Namibia’s fruit sector needs investment to develop

While Namibia recently celebrated attaining a 55% self-sufficiency level in local vegetable production, its fruit sector has lagged far behind.

According to the the Namibian Agronomic Board (NAB), local farmers only produce about 4% of the country’s fruit requirements and the board is determined to reverse the trend.

In response to recent questions from The Namibian, NAB spokesperson Emilie Abraham said after the Namibian Horticulture Market Share Promotion (MSP) scheme was implemented in 2005, local horticultural production increased from 5% to the current 47%.

“However, this intervention mainly resulted in increased local production of vegetables, while fruits remained far behind. To this end, NAB approved the Namibian Fruit Development Scheme, aimed at developing the fruit sector and to create an enabling environment for the production, processing, storage and marketing of controlled fruits in the country,” she said.

The board also initiated a study in 2022 which revealed that, although Namibia is a net exporter of fruits, mainly due to the high production of table grapes and dates targeted for export markets, the country imported about 97% of its other fruits, mainly from South Africa.

According to Abraham, apples, banana, citrus fruits, mango, avocado and paw-paw are the top six fruits on the import list.

The NAB study showed that only 15% of the land available for fruit production is under actual production, and over 230 000 trees are grown on this land.

According to the International Trade Centre, Namibia imported live trees worth US$4,5 million (N$77million) in 2021, with 97% imported from South Africa.

“Very small amounts were sourced from Spain, Germany and other countries,” noted the study, adding that an average of 41 000 fruit tree seedlings are imported annually, while about 40 000 are grown locally.

“Based on interviews with traders, an average of 680 tonnes of fruits is purchased from local producers per year compared to 18 000 tonnes imported per year,” the study noted.

In an initiative to reduce the imports, NAB approved the Namibian Fruit Development Scheme for the fruit sector.

“The scheme kick-started with the registration of fruit farmers countrywide to establish a database and for NAB to know who is growing what, how many fruit farmers are in the country and where are they located, etc.

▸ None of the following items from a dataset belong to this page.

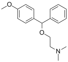 - ↑ US 2668856, Morren H, "P-methoxy benzhydryl ethers", issued 1954, assigned to UCB SA.
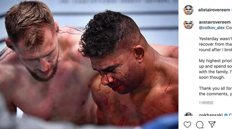 試合直後、流血のアリスター右)。その肩を組むヴォルコフ(左)(アリスター自身のSNSより)
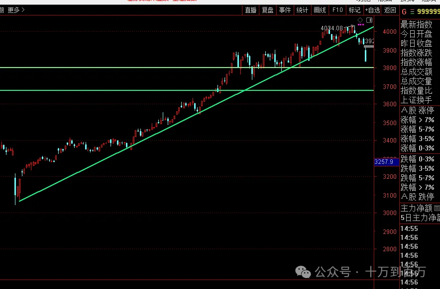 上升通道已经完全破坏,下一支撑在所画的两条绿线处,分别是:3800和3674点。前者支撑较弱,后者是强支撑。
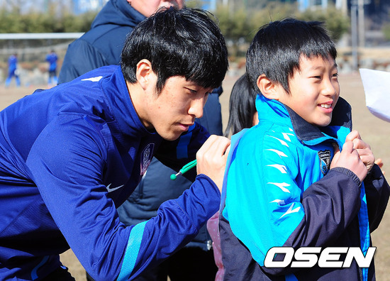20일 오후 전남 영암군 현대삼호중공업 사계절잔디구장에서 열린 축구대표팀 훈련에서 한상운이 한 소년팬에게 사인을 해주고 있다.

“This will enable NAB to craft tailor-made interventions for the sector. Registration of fruit farmers is ongoing,” noted the NAB.

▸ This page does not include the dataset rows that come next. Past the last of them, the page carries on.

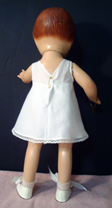 Patsy Doll Combination Underwear appropriate for all your 1930’s little girl dolls. This is the basic underwear that came with all Patsy’s dresses. It will fit the Effanbee Patsy dolls as well as most dolls of the same size, with a similar body. The underwear combines a chemise, panties, and slip, all in one. Made of 100% Cotton Batiste or Lawn, this underwear closes in the back with vintage square snaps, and comes trimmed with cotton lace. This Patsy doll underwear fits perfectly under her short little dresses.
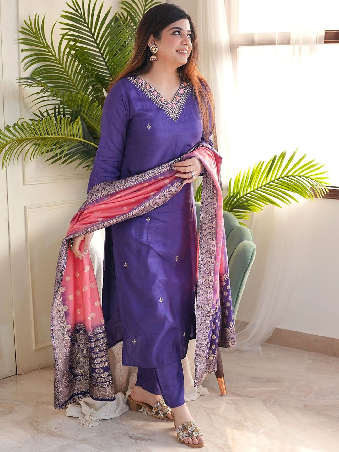 Buy this stylish Moda Rapido Floral Embroidered Thread Work Chanderi Silk Kurta With Trousers & Dupatta at Marincart Nepal. This product offers great quality and value. Perfect for those looking for the latest trends in fashion. Get yours now at unbeatable prices.
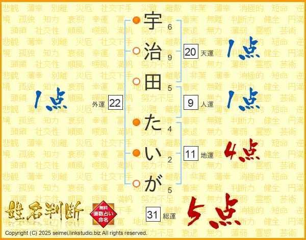 宇治田たいがさんの総運は31画の5点!

The board has already started a pilot banana project on a one-hectare plot at Mango Vuluzi farm in the Singalamwe area of the Zambezi region, in partnership with AvaGrow, where 2 222 tissue culture banana seedlings were planted on 27 February 2024.

Other projects are planned for different areas over the next 12 months, Abraham said.

The board has embarked on an awareness campaign in collaboration with European Union-Economic Partnership Agreement Namibia to unpack opportunities within the sector and to encourage Namibian producers and local investors to take advantage of these opportunities to increase local fruit production, she said.

According to the study, the majority of fruit producers do not have any food system in place, especially those from the communal production zones (Zambezi, Kavango, and north-central Namibia).

“Very few producers are doing value addition to their fruits, like processing lemons and mangoes into juice or jam, as well as grapes and olives into raisins and olive oil, respectively.

The study found that most small-scale farmers, especially those in communal areas, lack understanding and experience in fruit production on a commercial basis.

Based on their findings, the study recommended that complete regulation be extended to the fruit production industry to access reliable data about the industry and provide better support based on reliable statistics.

Other recommendations are that stakeholders in fruit production keep proper records to draw accurate and reliable statistics on the state of the industry.

“Just as the grain processors are registered with the NAB, fruit producers should as well be registered with NAB to ensure proper monitoring of the industry and the provision of reliable data that is necessary for the development of the fruit industry,” noted the study.

It is recommended that the MSP rules and support currently applied to horticulture producers also be extended to all fruit types (except grapes) to encourage investment in fruit production in Namibia.